Starting with the line that has "Doğal (raw) ve" and finishing with the line that has "Beyaz renk, balıkçı", set down each line below exactly. Pictures are not copied.

[Supplied records]:

════════

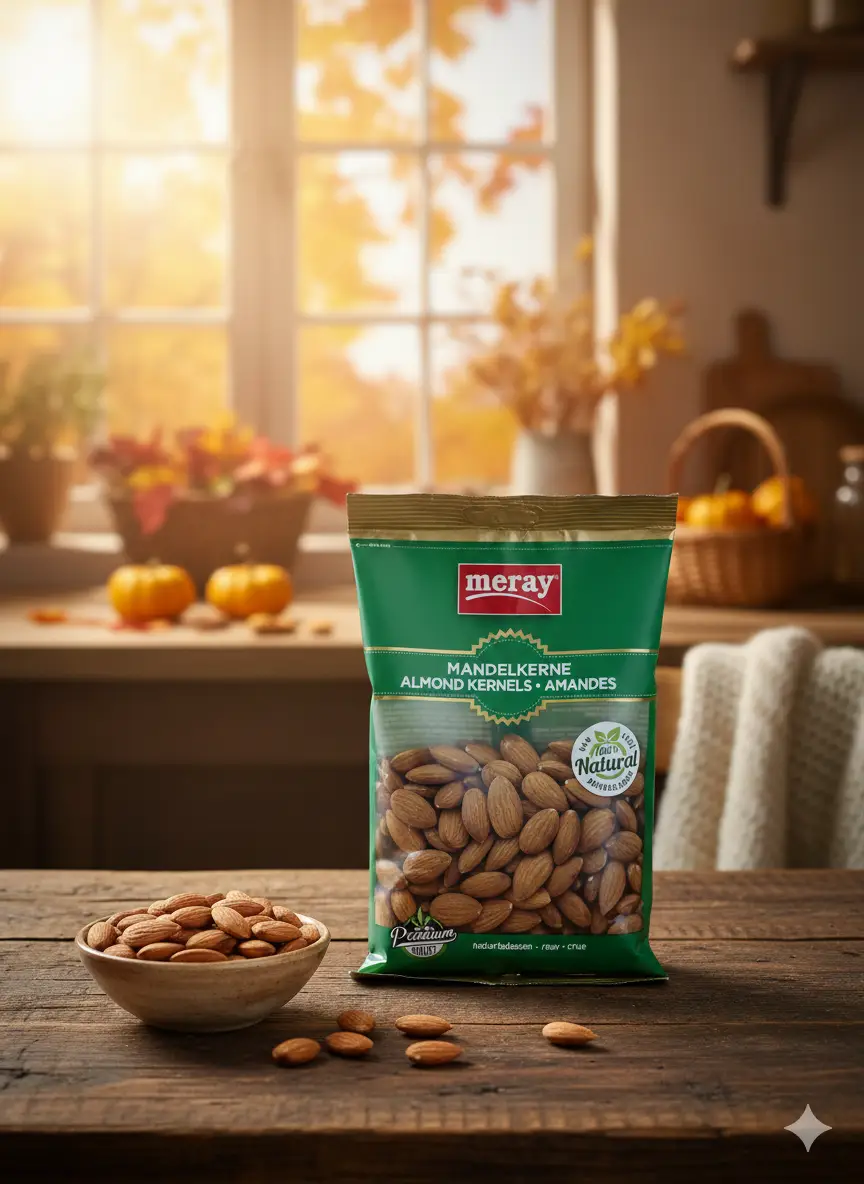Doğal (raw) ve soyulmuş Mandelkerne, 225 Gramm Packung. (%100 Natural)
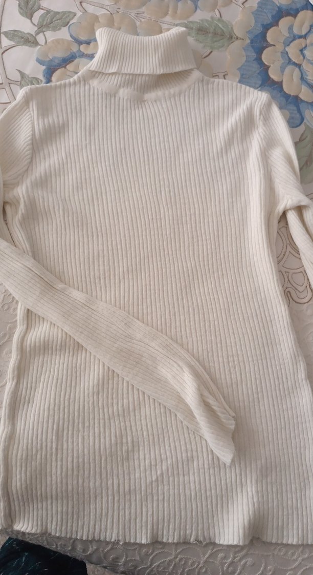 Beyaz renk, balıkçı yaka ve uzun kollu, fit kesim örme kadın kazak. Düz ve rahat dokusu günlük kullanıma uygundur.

════════

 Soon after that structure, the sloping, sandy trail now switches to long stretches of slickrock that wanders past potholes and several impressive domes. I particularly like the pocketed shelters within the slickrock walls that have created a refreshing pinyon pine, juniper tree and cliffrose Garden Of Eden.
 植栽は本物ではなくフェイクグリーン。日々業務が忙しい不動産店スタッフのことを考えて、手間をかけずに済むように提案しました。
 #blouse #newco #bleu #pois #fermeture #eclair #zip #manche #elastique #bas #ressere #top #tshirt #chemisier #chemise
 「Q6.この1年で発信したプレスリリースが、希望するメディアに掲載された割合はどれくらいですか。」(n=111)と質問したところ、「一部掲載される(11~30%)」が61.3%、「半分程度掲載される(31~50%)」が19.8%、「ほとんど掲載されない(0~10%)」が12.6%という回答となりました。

════════

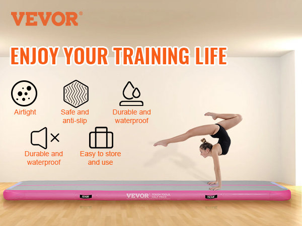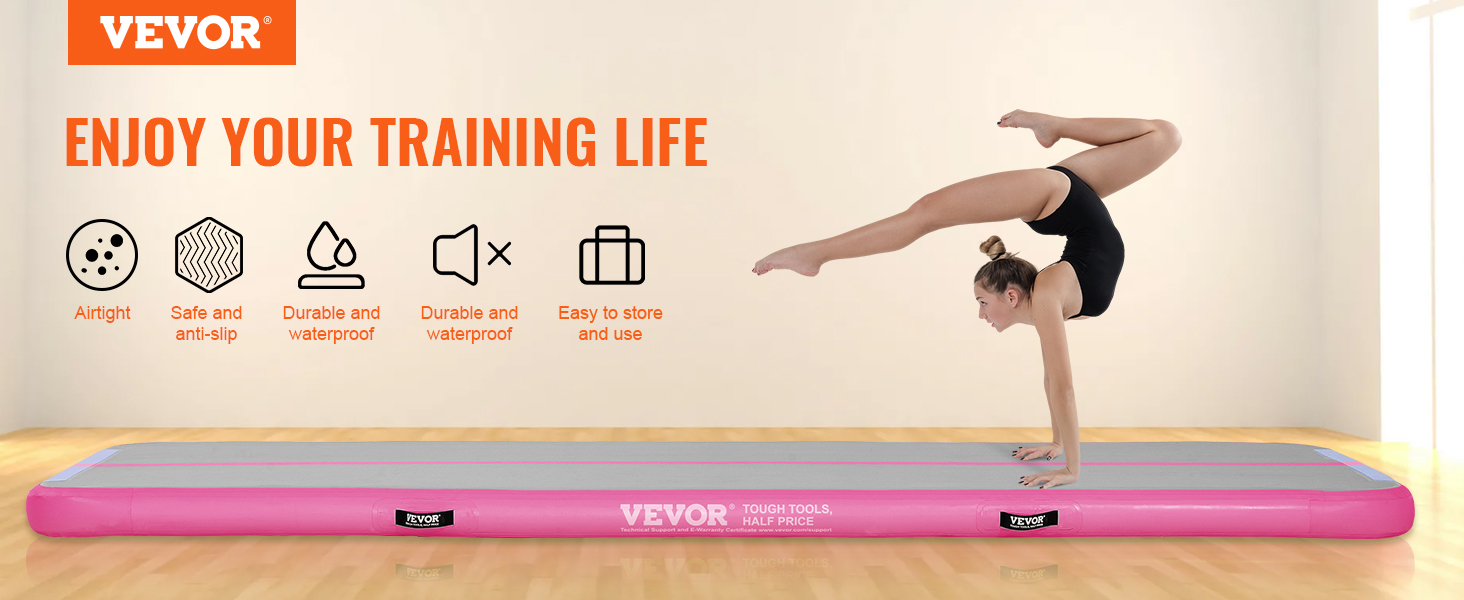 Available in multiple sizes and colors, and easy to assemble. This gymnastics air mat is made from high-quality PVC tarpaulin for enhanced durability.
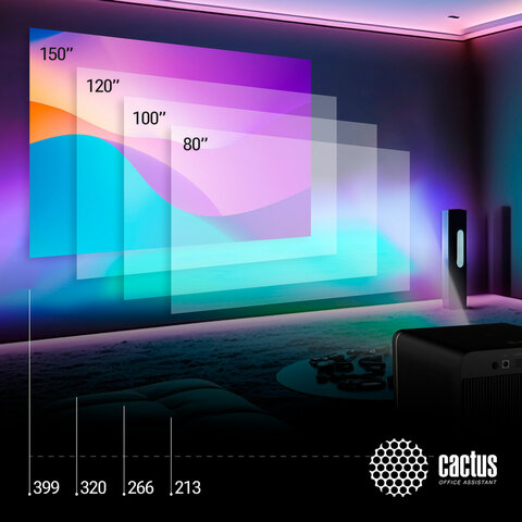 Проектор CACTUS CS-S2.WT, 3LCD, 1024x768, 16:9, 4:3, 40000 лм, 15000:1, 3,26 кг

════════

[Response to this exercise]:
Doğal (raw) ve soyulmuş Mandelkerne, 225 Gramm Packung. (%100 Natural)
 Beyaz renk, balıkçı yaka ve uzun kollu, fit kesim örme kadın kazak. Düz ve rahat dokusu günlük kullanıma uygundur.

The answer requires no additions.